Once you are there, take a restroom break, find the waiter, and hand him enough cash to cover whatever you might purchase, plus a great tip - this will cost you more, but when the waiter says "thank you for dining with us Mr. so-and-so" and doesnt give you the bill at the end of the evening, it will be very impressive.
Dancing: Not a Club. Dear God, don't go to a club. There is nothing less romantic. Rent a nicer car than yours with a decent sound system, get a CD of old Frank Sinatra romantic songs, and pull off somewhere scenic and just dance together.

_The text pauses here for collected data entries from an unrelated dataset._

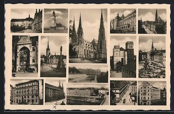 AK Olmütz, Hotel Palace, Kirche, Rathaus, Strassenpartie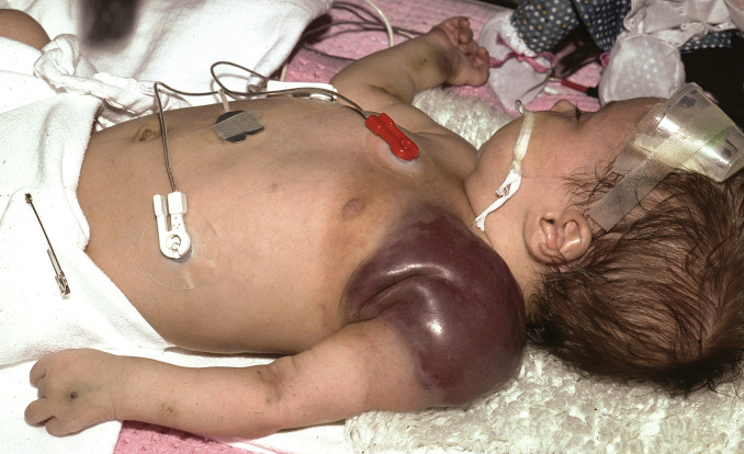 Patients with numerous cutaneous lesions (diffuse neonatal hemangiomatosis) are at increased risk for involvement of internal organs ( Fig. 32.3 ).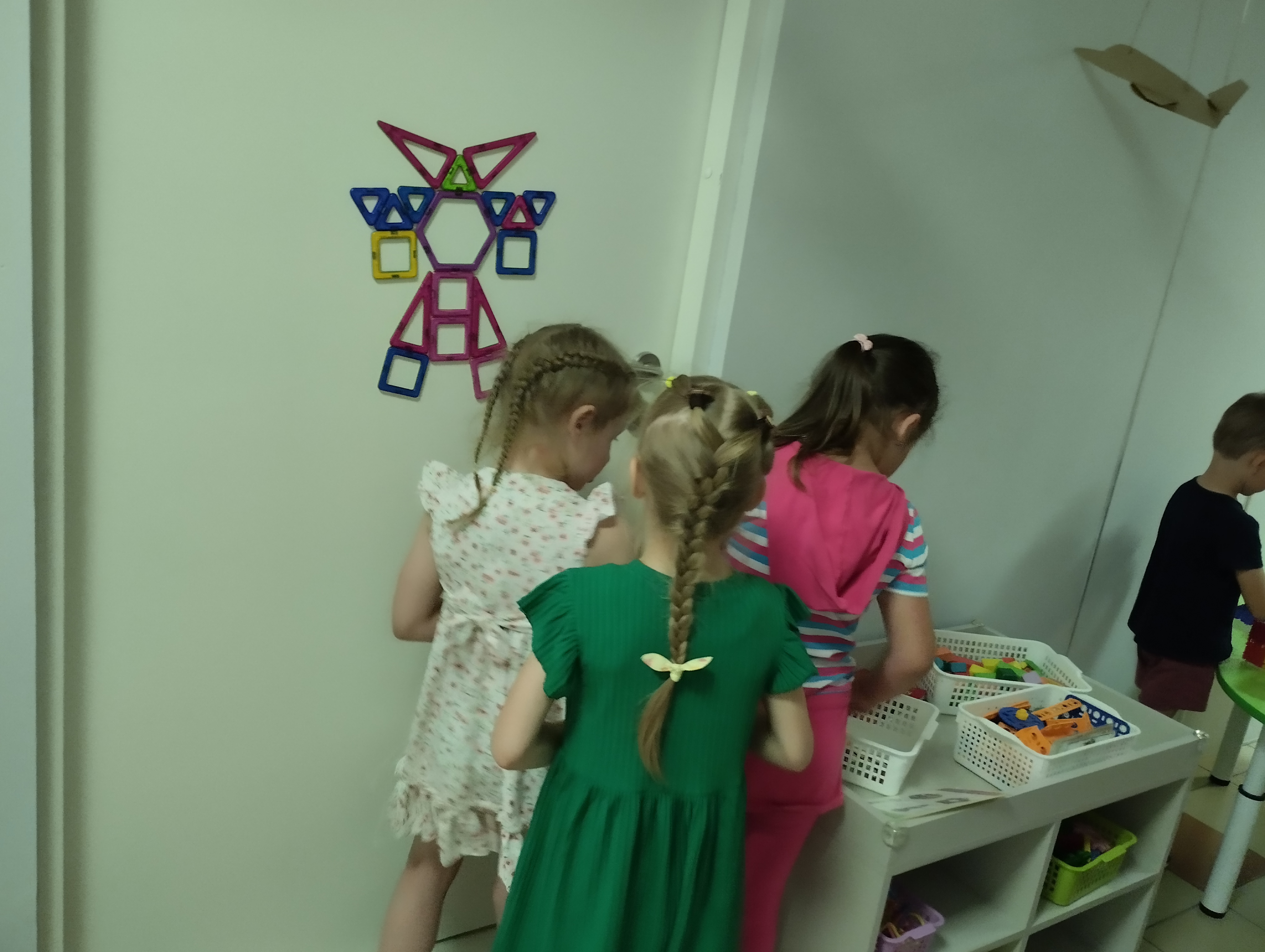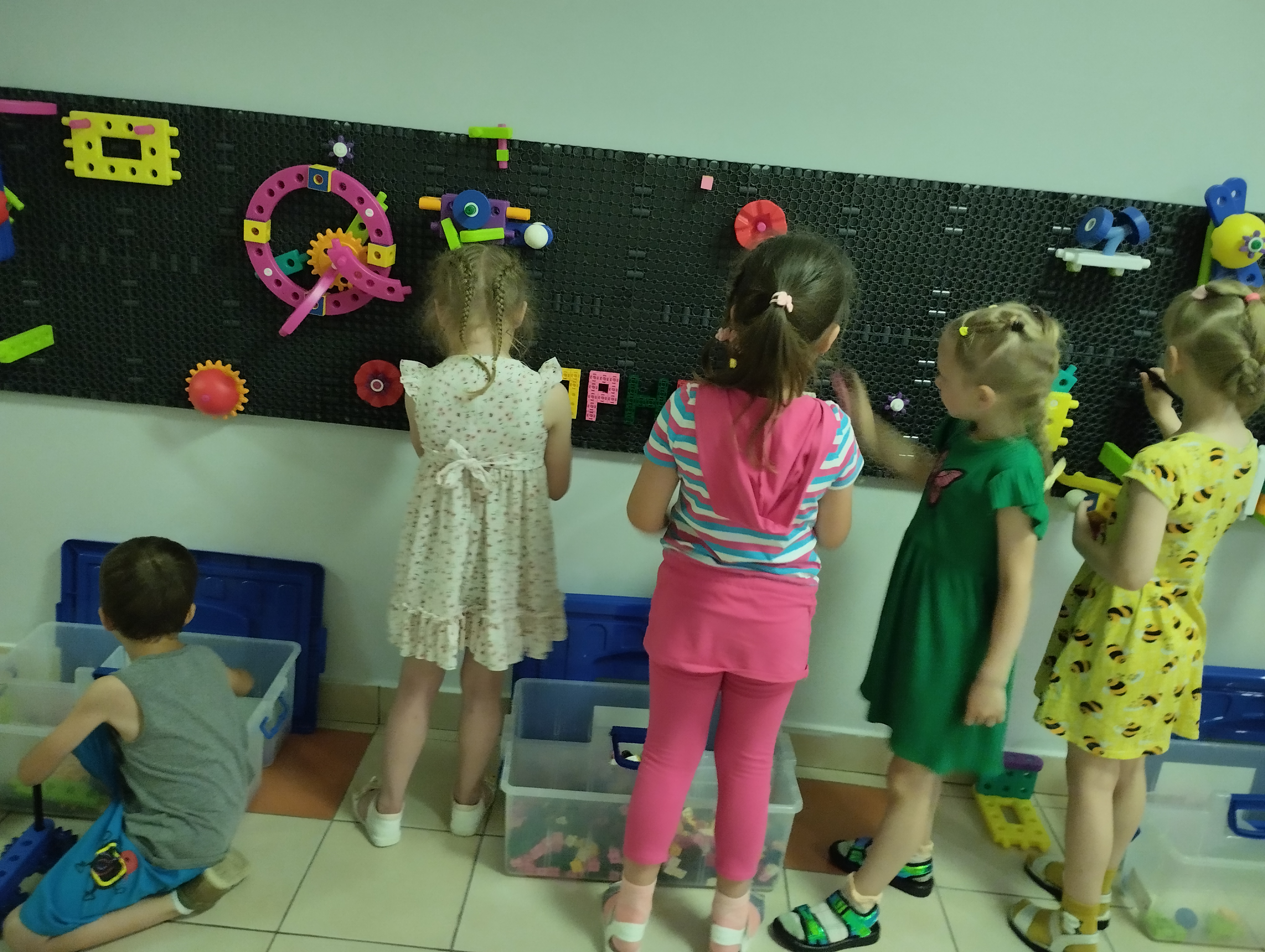 Дети получают доступ к большому количеству разнообразных по содержанию и размеру материалов, что трудно обеспечить в условиях конкретной группы. Инфраструктура имеет современный вид, яркий настенный конструктор привлекает детей и родителей; находится рядом с мультстудией, поэтому есть возможность взаимодействия: дети используют свои работы для создания мультэтюдов. В центре имеется возможность организовать деятельность с большим количеством детей одновременно ( и с одним видом конструктора, и с разными, объединяя для реализации общей задачи).

Presents: Everyone gets chocolate and roses, except your Valentine! Get. Something. Else. Sure, a chocolate or two and a rose should accompany the evening, but the primary money should be spent on something else. And not just lingerie. That is for you. Not her. Get recommendations from the florist.

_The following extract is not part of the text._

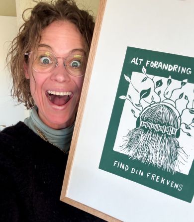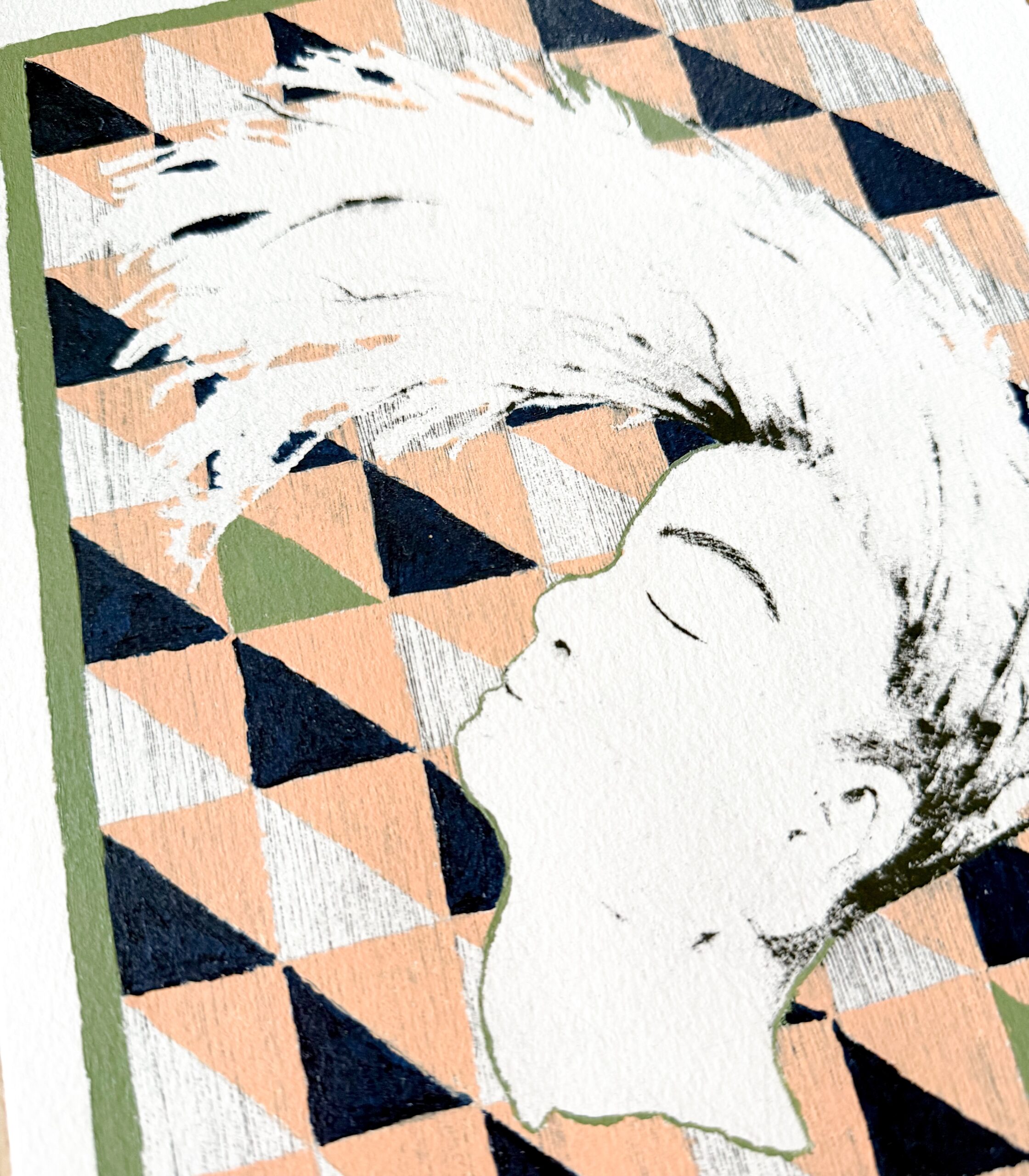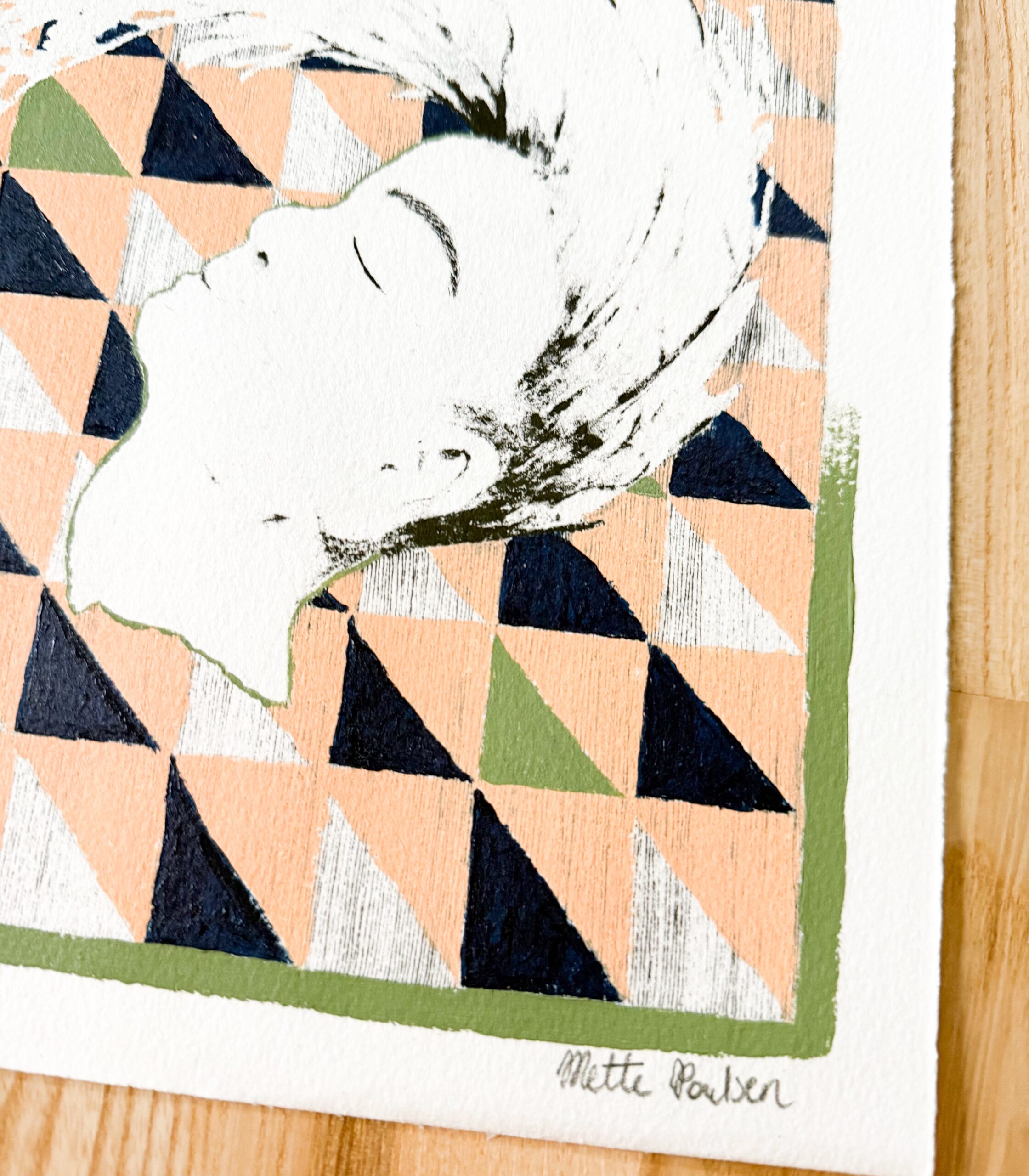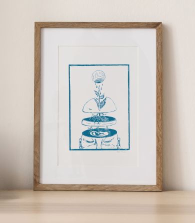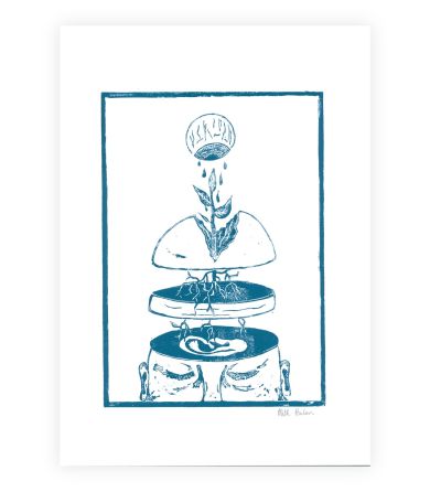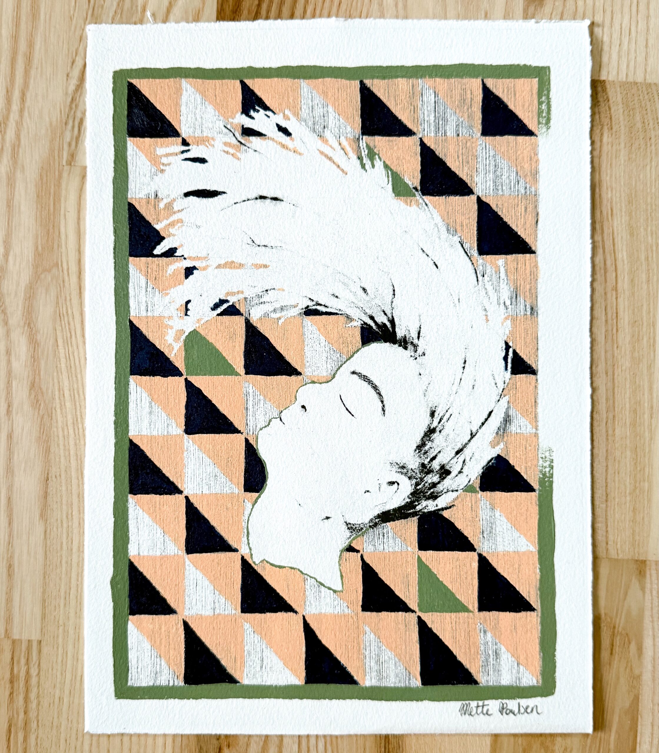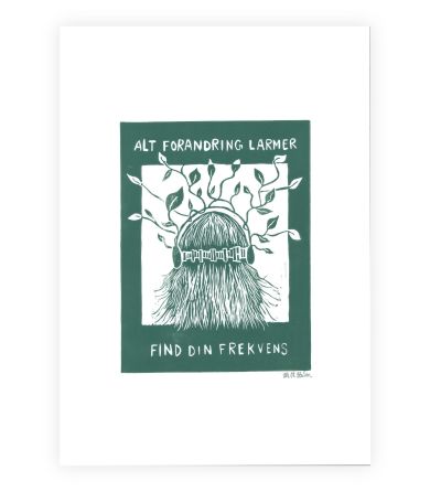 De sorte streger, som danner et ansigtligende væsen, er et xerolitografi tryk. Hvilket gør værket helt specielt og unik. Trykket giver en blødhed til værket, som er svær at fange på billeder. Efter trykket er færdig er det blevet malet på med akrylmaling.

Cards: Do get her a card. I know guys don't exactly care about the card, but she does. Even if she says she doesn't, she does. And even if she really doesn't, she will wonder why you didn't if you don't. Confusing? Just get the card.
Poetry: Write your own, even if it sucks. She knows you can't write. She knows that you will probably use a crayon to scribble it out to the beat of some 80's hair band ballad, but hey, its you. Rhyming is not important, in fact it is kind of cheesy. When you don't rhyme, it sounds more sincere. Really.